Top of the Street: Flip that yield curve

The Fed may allow inflation to temporarily run above 2% in the future to counter episodes of near-zero rates and low inflation, a recipe for inverted yield curves. A roadmap for tapering. More on mortgage lending, CLOs, auto ABS. Contributions from the Brookings Institute, DB, GS, NBER and, of course, Milepost.

Markets: Flip that yield curve
US rates have dipped toward their lowest levels of the year in the last few weeks as first healthcare and then tax cuts and infrastructure spending have looked in doubt. But with the Fed still on the move, expect some reversal. US 10-year rates should rise a bit for the rest of the year but still stay below 2.75%. The real action is on the short end of the curve as the Fed plays with a mix of hikes and portfolio tapering. The yield curve should flatten. Over the longer run, the US could see flat or even inverted curves much more frequently than in the past. That’s the clear implication of a new line of thinking getting traction at the Fed and described last week in posts from former Fed Chair Bernanke here and here. To counter the risk of zero rates and low inflation in the future, the Fed may need to let inflation temporarily run above target to get an average 2.0%. Short rates would have to compensate for the higher inflation, rising and inverting the yield curve much more often. (Brookings Institute, Milepost).

Markets: A roadmap for tapering
The Fed will likely announce a tapering of the SOMA portfolio in December, Goldman Sach’s estimates, tapering 10% a month until reinvestment reaches zero. Both Treasuries and MBS should roll out of the Fed portfolio through mid-2020, according to the firm, with the Fed reinvesting in Treasuries after that and allowing only MBS to keep rolling off. Tapering alone should push up 10-year rates by 10 bp to 15 bp a year. See Goldman Sachs, US Economics Analyst: Q&A on Balance Sheet Normalization, 14 Apr 2017. (GS, Milepost).

Banking: Mortgage lending heads back into the shadows
Non-banks have nearly tripled their share of residential mortgage lending in the last decade with their take of 2007-2015 originations rising from 14% to 38%. The biggest non-bank gains have come among borrowers with weaker credit, minority borrowers and borrowers refinancing their loans, according to a new study by researchers from the University of Chicago, Columbia and Stanford. The drivers: new regulatory burdens on banks and the technology advantages of non-banks. In fact, because new technology often makes getting a loan more convenient, some non-bank lenders actually can charge higher rates. The new study is here. (NBER, Milepost).

Markets: The continuing CLO refi wave
March set a record with more than $20 billion of CLO refinancings, according to Deutsche Bank, and April could break it. CLO refinacings have already crossed $11 billion in the first half of April. Tight CLO debt spreads are giving CLO equity managers incentives to squeeze a few more dollars out of funding costs. Two refinancing have priced this month for deals just about to begin amortizing their debt, with the relatively short AAA funding pricing below LIBOR+100 bp. Many of these classes originally priced at L+150 bp or wider. See Deutsche Bank, The Outlook in MBS and Securitized Products, 12 Apr 2017. (DB, Milepost).

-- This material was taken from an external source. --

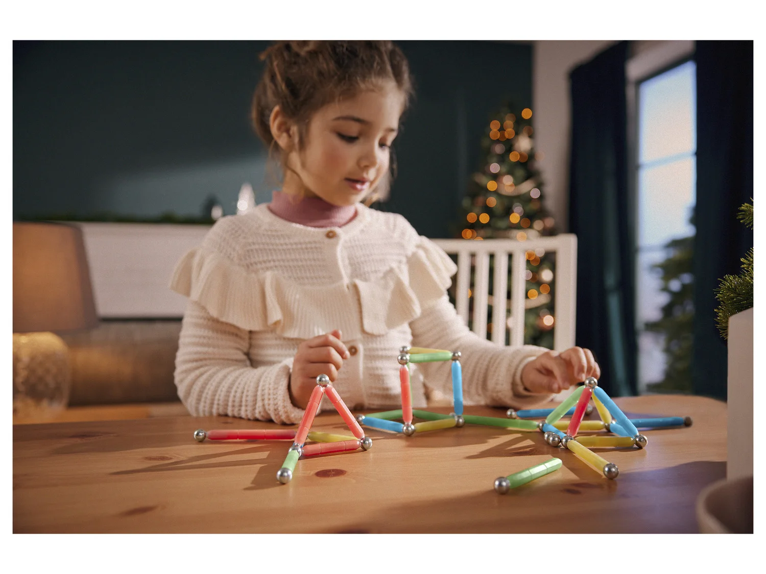 - Inhalt: 6 große magnetische Stäbe, 28 kleine magnetische Stäbe, 26 Kugeln

Markets: Used car prices hit the skids
The average price of a used car dropped 0.5% in March, according to the Manheim Used Vehicle Value Index, although still edging up 1.3% over the last year. Used trucks (+6.7%), vans (+3.9%) and SUVs (+1.4%) appreciated the most year-over-year while compact (-0.9%), midsize (-1.6%) and luxury (-1.8%) cars fell. Weak used car prices have been feeding investor concerns about rising delinquencies in auto ABS and rising loan losses. See Deutsche Bank, The Outlook in MBS and Securitized Products, 12 Apr 2017. (DB, Milepost).